Future challenges in rainfed agriculture In Advances in Plant Atmospheric Interactions

Abstract

Eight hundred million people are food-insecure, and 166 million pre-school children are malnourished in the developing world. Producing enough food, and generating adequate income in the developing world to better feed the poor and reduce the number of those suffering will be a great challenge. This challenge is likely to intensify, with a global population that is projected to increase to 7.8 billion people in 2025, putting even greater pressure on world food security, especially in developing countries where more than 80 percent of the population increase is expected to occur. Irrigated agriculture has been an important contributor to the expansion of national and world food supplies since the 1960s, and is expected to play a major role in feeding the growing world population.However, irrigation accounts for about 72 percent of global and 90 percent of developingcountry water withdrawals, and water availability for irrigation may have to be reduced in many regions in favor of rapidly increasing nonagricultural water uses in industry and households, as well as for environmental purposes. Out of concern over increasing water scarcity for irrigation, the role of water management and investments for irrigated agriculture and food security has received substantial attention in recent years (Hofwegen and Svendsen 2000; Rosegrant 1997).

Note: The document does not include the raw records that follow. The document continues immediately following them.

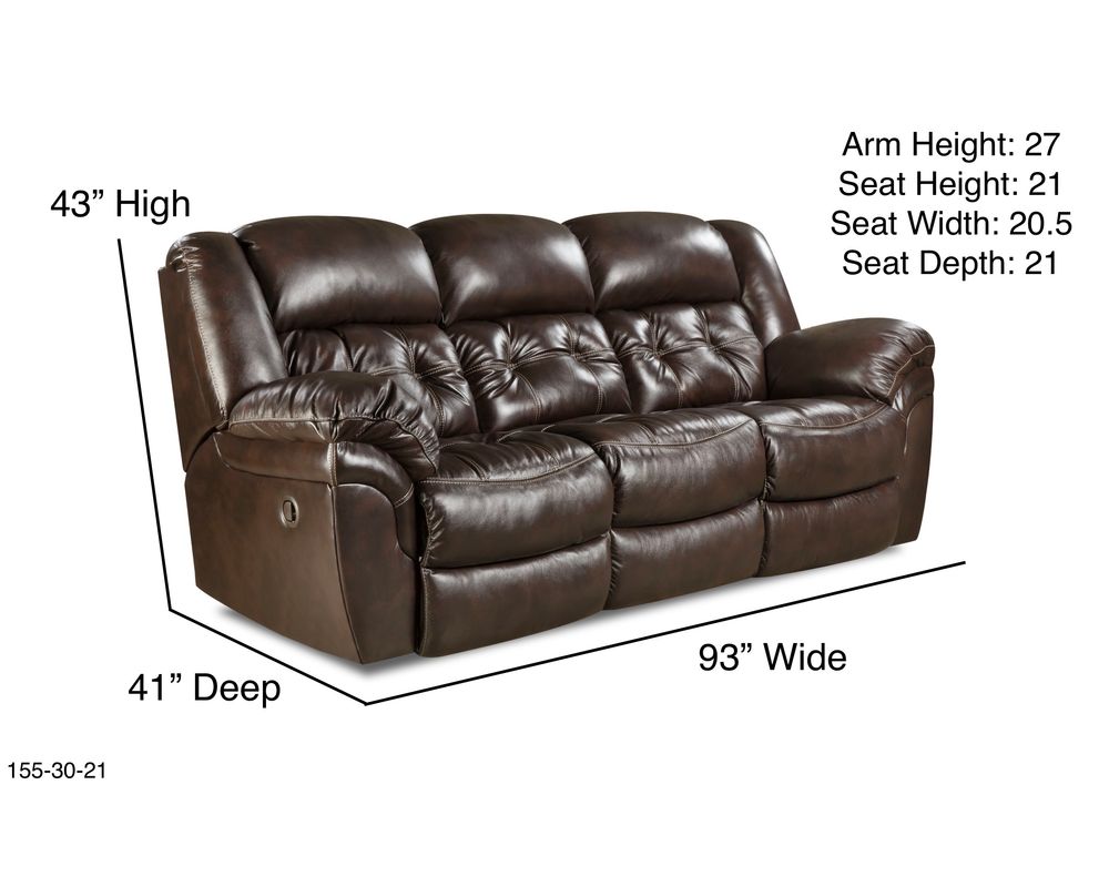 Denver 93" Double Reclining Sofa Experience the perfect blend of style, durability, and full-body comfort with the Denver Double Reclining Sofa. Measuring a generous 93 inches in width, this sofa is designed to provide ample space for you and your guests while delivering unmatched support and relaxation. With its elegant double-needle accent stitching and classic tufted detailing, the Denver adds a touch of sophistication to any living space, making it both a statement piece and the most comfortable seat in the house.
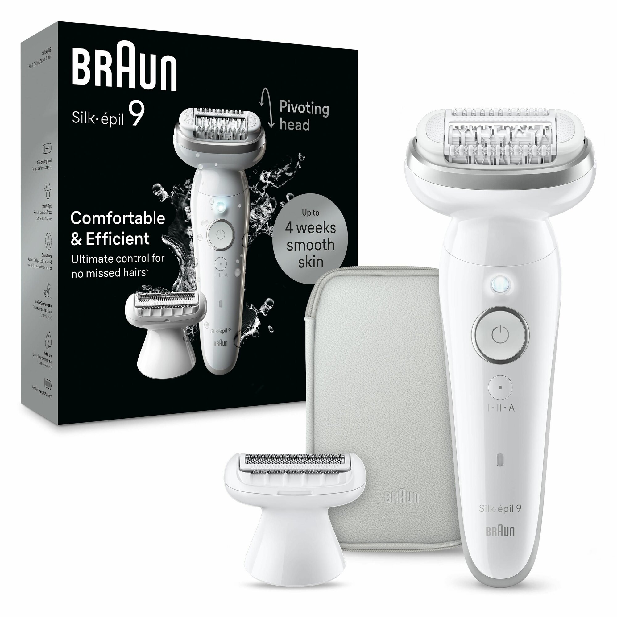 Braun Silk-Epil 9 - эпилятор для тела и зоны бикини с насадками и массажером
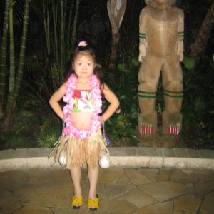 左下)夜のポリネシアンショーは、お約束のコスプレで。
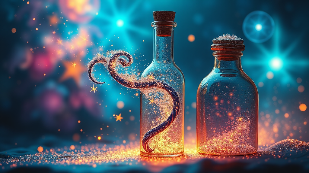 A mesmerizing fantasy artwork featuring an intricately detailed bottle filled with delicate magical fairy dust, emanating cosmic energy in a highly detailed and deep-colored painting. The image showcases fantastical and intricate details, utilizing complementary colors and capturing the essence of fantasy concept art. The scene is reminiscent of trending Artstation and Unreal Engine 5 visuals, inspired by anime and Japanese manga. The piece channels a hyperrealistic vibe, akin to splash and concept art, with a mid-shot focus. The artwork features a 2/3 face angle and dramatic side lighting, set against a vibrant and colorful background, reminiscent of SAI pixel art.
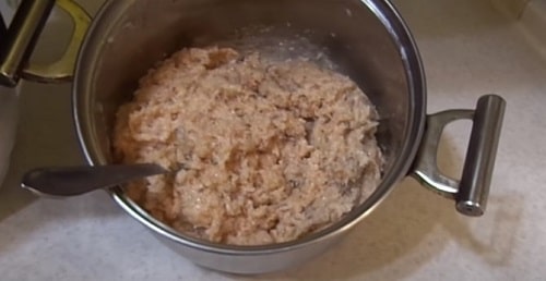 Додайте в каструлю з манкою перекручену оселедець, цибуля. Все сумлінно перемішати.
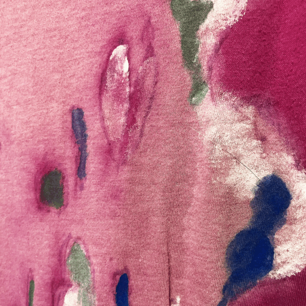 This adventuresome refurbished T-shirt is a No Boundaries medium. The free form fabric painting is machine washable. The imagery was inspired by Abstract Expressionism. Blue, white and green details.
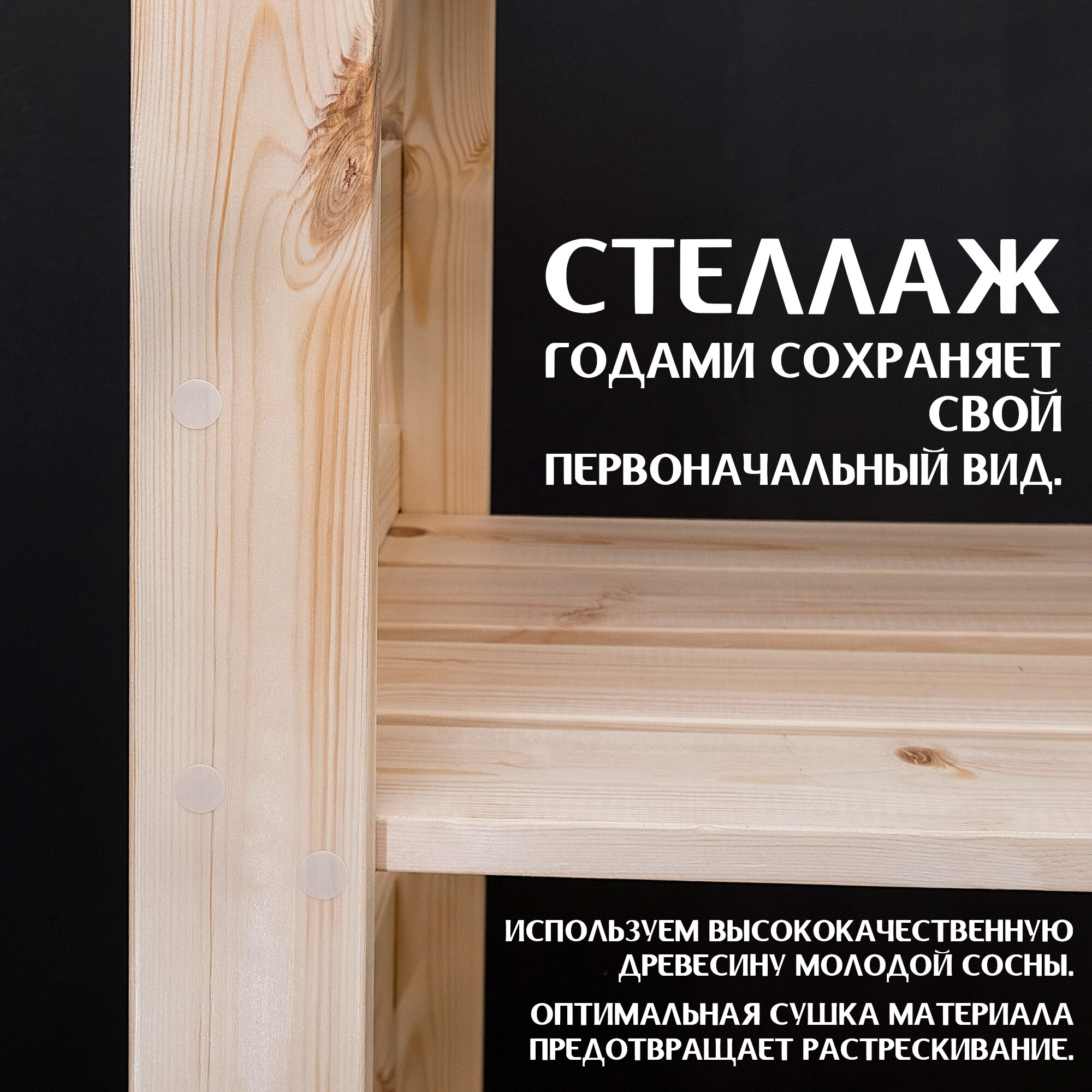 | Дополнительная информация | Собственное производство стеллажей позволяет добиться максимального качества. Используя высокоточные технологии обработки древесины, получаем идеально отшлифованные, гладкие детали из дерева. Надёжная конструкция на евровинтах прослужит много лет. Упаковка из прочного картона обеспечит доставку изделия в лучшем виде! |

However, rainfed areas currently account for 58 percent of world food production. Given the importance of rainfed cereal production, insufficient attention has been paid to the potential of production growth in rainfed areas to play a significant role in meeting future food demand. This paper examines future prospects for rainfed cereal production, and its importance in the evolving global food system. The paper starts with a critical synthesis of the literature on the prospects for increased rainfed crop production. The review of water management, agricultural research, policy reform, and infrastructure investment for rainfed agriculture is then utilized to develop a “business-as-usual” baseline scenario and a number of alternative scenarios for future growth in rainfed agriculture, explicitly linked to alternative outcomes for the driving forces behind rainfed growth. These scenarios are then implemented in the IMPACT-WATER holistic modeling framework, in order to assess their impact on future global food supply, demand, trade, and prices.